» Instructions for the task: Nothing but the lines below from the one that contains "#openingbell am 11.11.: Clemens" through the one that contains "Voici Perla et" should be retyped, exactly and including both ends. Do not include pictures.

» Extracted records:
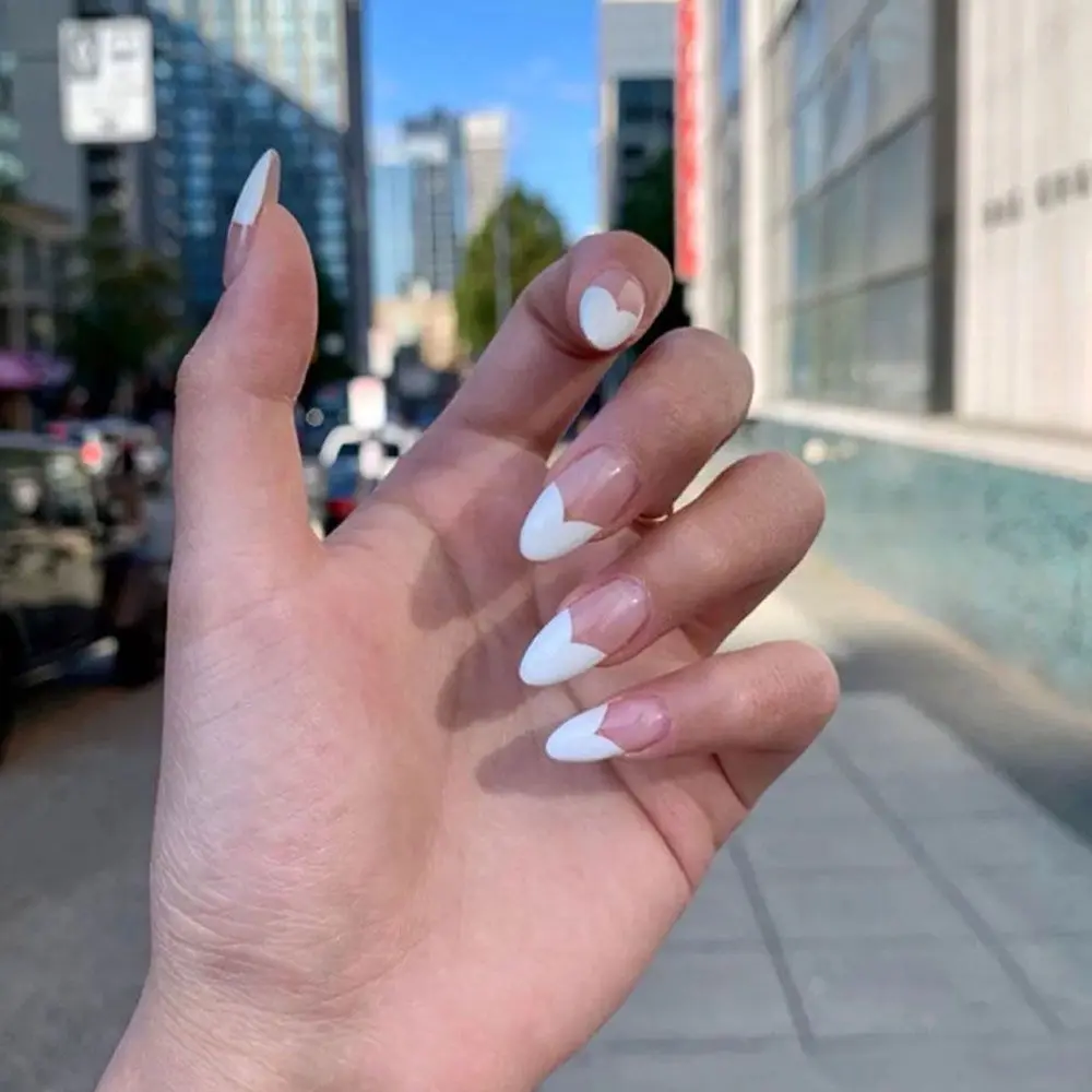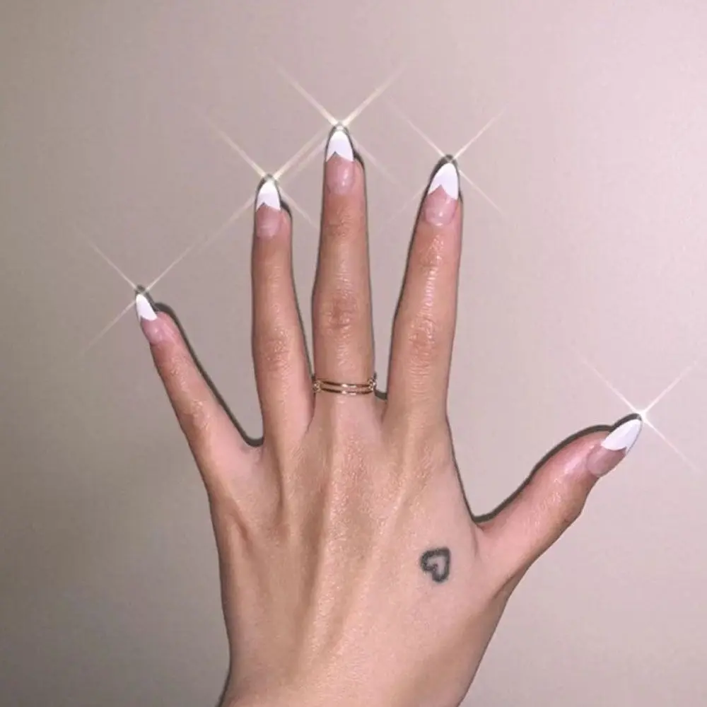 24 шт. Новые Накладные ногти для французского маникюра с белым миндалем акриловые накладные ногти с полным покрытием накладные ногти балерина накладные ногти
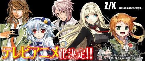 卡牌游戏《Z/X-Zillions of enemy X-》确认将要TV动画化。《Z/X》是由Broccoli与日本一共同制作的卡片游戏,是一款在3X3的方格上进行的1对1对战的卡片对战游戏,人设上邀请到了包括狗神煌、小林智美、藤真拓哉、碧风羽在内的诸多知名画师。本作的漫画版也已于月刊「V Jump」2012年年11月号上开始连载。
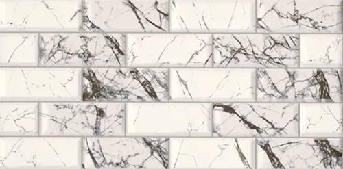 Плитка выполнена в стиле «кирпичиков» с выразенной мраморной текстурой, что делает её универсальной для кухни, ванной или зон с повышенной влажностью. Благодаря прочной глазури плитка устойчива к загрязнениям и легко моется, что особенно важно в помещениях с интенсивной эксплуатацией.
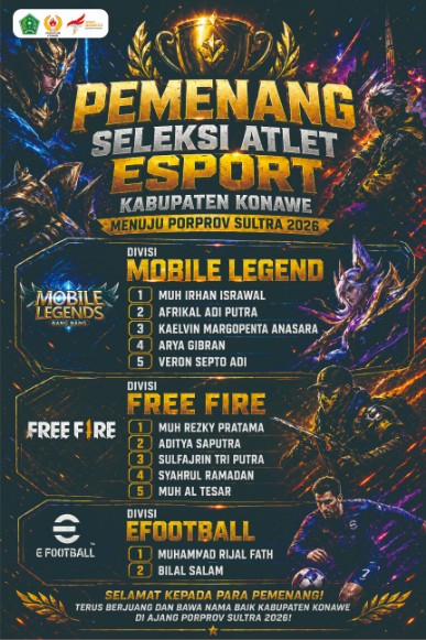Setelah melalui tahapan kompetitif mulai dari babak penyisihan hingga semifinal, ESI Konawe akhirnya menetapkan para pemain terbaik yang akan mewakili daerah pada tiga divisi, yakni Mobile Legends (ML), Free Fire (FF), dan E-Football.
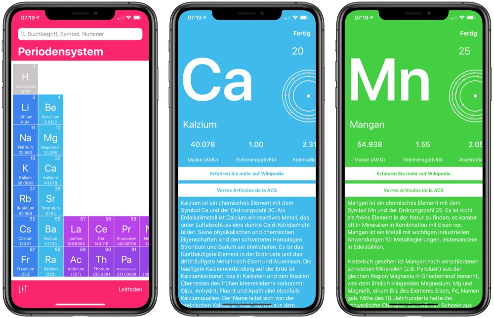 Elementium bietet Zugriff auf das Periodensystem. In den Details gibt es Infos zur Atommasse, Elektronegativität, Atomradius, Schmelz- und Siedepunkte, Elektronenkonfiguration und mehr. Natürlich gibt es hier auch eine ausführliche Beschreibung. Praktisch: Es gibt eine Suchfunktion. Hier könnt ihr Namen, Nummern oder Abkürzungen eintippen und so schnell das richtige Element abrufen.
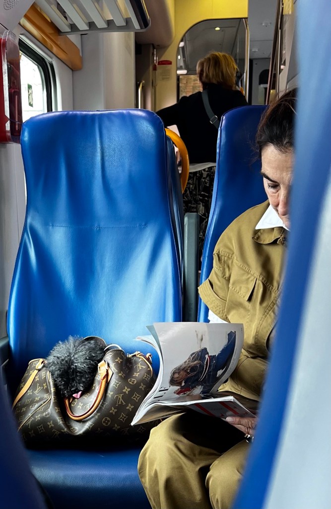 All went according to plan, and we even made our 5 minute train connection enroute to Florence. This lady had a small dog in her designer purse:
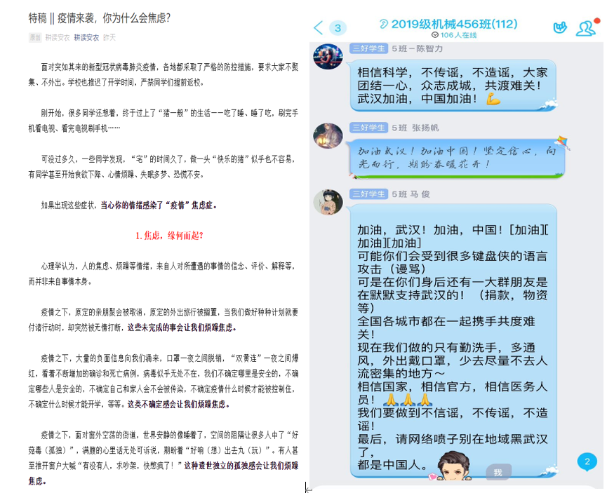 突出载体创新,提升工作实效。依托学院安徽省辅导员名师工作室项目,积极开展线上信息发布、宣传引导和咨询服务。工作室辅导员紧扣公司党委疫情防控安排,运用“耕读安农”微信公众号,从不同角度,精心策划推出了《面对疫情,不瞒报是每位同学应尽的义务》《疫情之下,辅导员老师送你“十字箴言”》《疫情来袭,你为什么焦虑》等5篇网文,累计阅读量近10万次,点赞量超过600次,被高校思政网、高校辅导员联盟、15vip太阳集团官网官微等微信公众号转载200多次,在员工中间产生了较大反响。
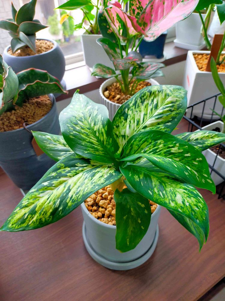 私も似た模様のディフェンバキアを育てていますが、色の名前不明で探していました😅
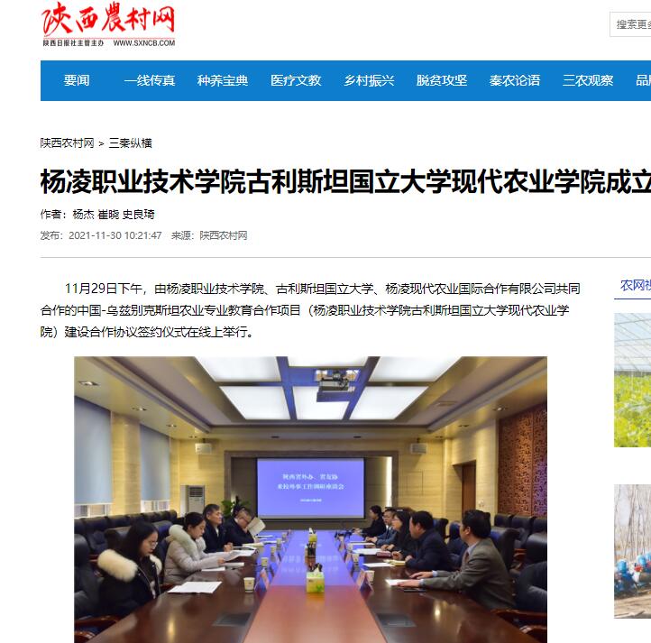 11月29日下午,由杨凌职业技术学院、古利斯坦国立大学、杨凌现代农业国际合作有限公司共同合作的中国-乌兹别克斯坦农业专业教育合作项目(杨凌职业技术学院古利斯坦国立大学现代农业学院)建设合作协议签约仪式在线上举行。
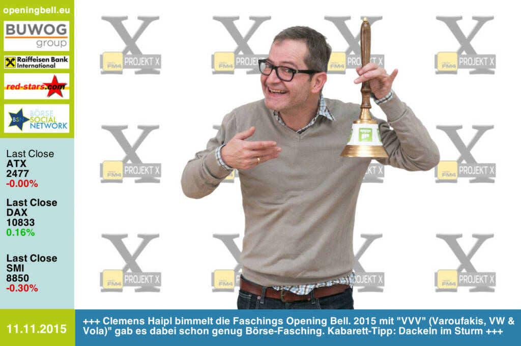 #openingbell am 11.11.: Clemens Haipl bimmelt die Faschings Opening Bell. 2015 mit "VVV" (Varoufakis, VW & Vola)" gab es dabei schon genug Börse-Fasching. Kabarett-Tipp: Dackeln im Sturm http://www.clemenshaipl.at http://www.openingbell.eu (11.11.2015)
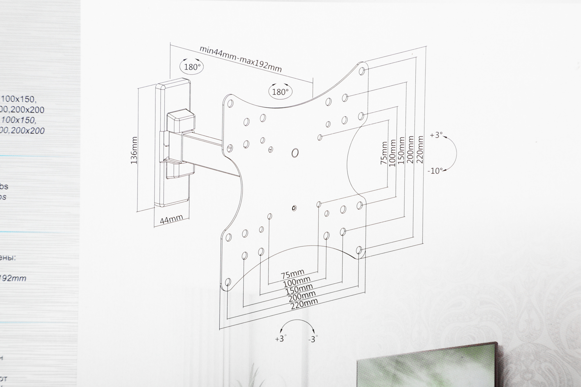 | Подходит для телевизоров c диагональю | 19", 22", 24", 26", 28", 32", 37", 39", 40", 42" |
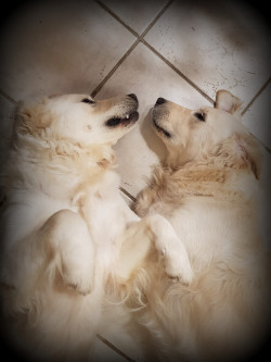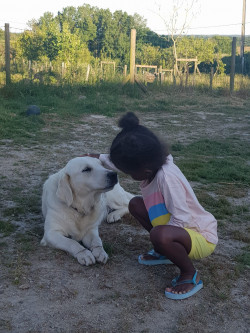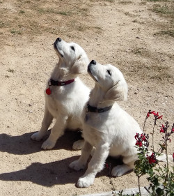Voici Perla et Pouchka, nos deux golden-retriever. Elles sont nées le 05 Avril 2019 et sont les filles de Irresistible Iona de la Foret des Pyramides et Napoleon des Jardins d’Epona . Leur point commun: elles sont inséparables. Bref, des vrais caractères de goldens.
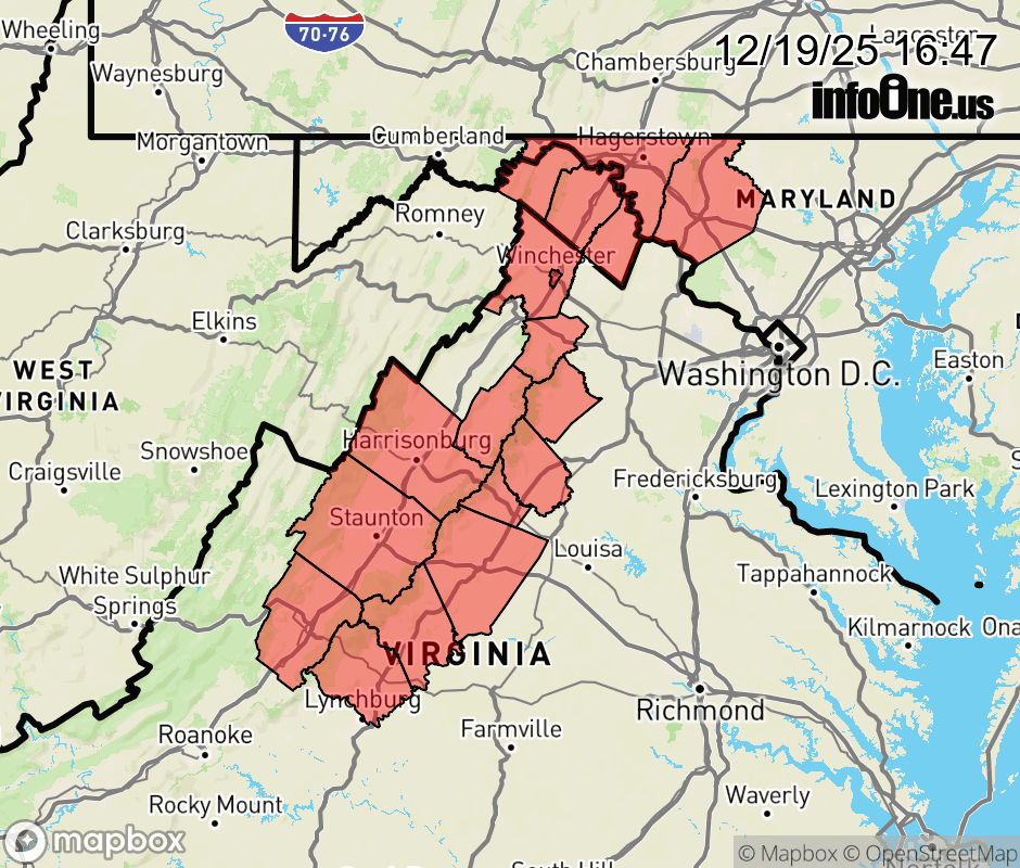 Canceled 12/19/25 6:36 PM Wind Advisory issued December 19 at 4:46PM EST until December 19 at 10:00PM EST by NWS Baltimore MD/Washington DC * WHAT... West winds 20 to 30 mph with gusts up to 50 mph. * WHERE... In Maryland, Frederick MD and Washington Counties. In Virginia, Central Virginia Blue Ridge and Northern Virginia Blue Ridge, and Frederick VA County. In West Virginia, Berkeley, Jefferson, and Morgan Counties. * WHEN... Until 10 PM EST this evening. * IMPACTS... Gusty winds will blow around unsecured objects. Tree limbs could be blown down and a few power outages may result. ![]() |

» Output for this task:
 #openingbell am 11.11.: Clemens Haipl bimmelt die Faschings Opening Bell. 2015 mit "VVV" (Varoufakis, VW & Vola)" gab es dabei schon genug Börse-Fasching. Kabarett-Tipp: Dackeln im Sturm http://www.clemenshaipl.at http://www.openingbell.eu (11.11.2015)
 | Подходит для телевизоров c диагональю | 19", 22", 24", 26", 28", 32", 37", 39", 40", 42" |
Voici Perla et Pouchka, nos deux golden-retriever. Elles sont nées le 05 Avril 2019 et sont les filles de Irresistible Iona de la Foret des Pyramides et Napoleon des Jardins d’Epona . Leur point commun: elles sont inséparables. Bref, des vrais caractères de goldens.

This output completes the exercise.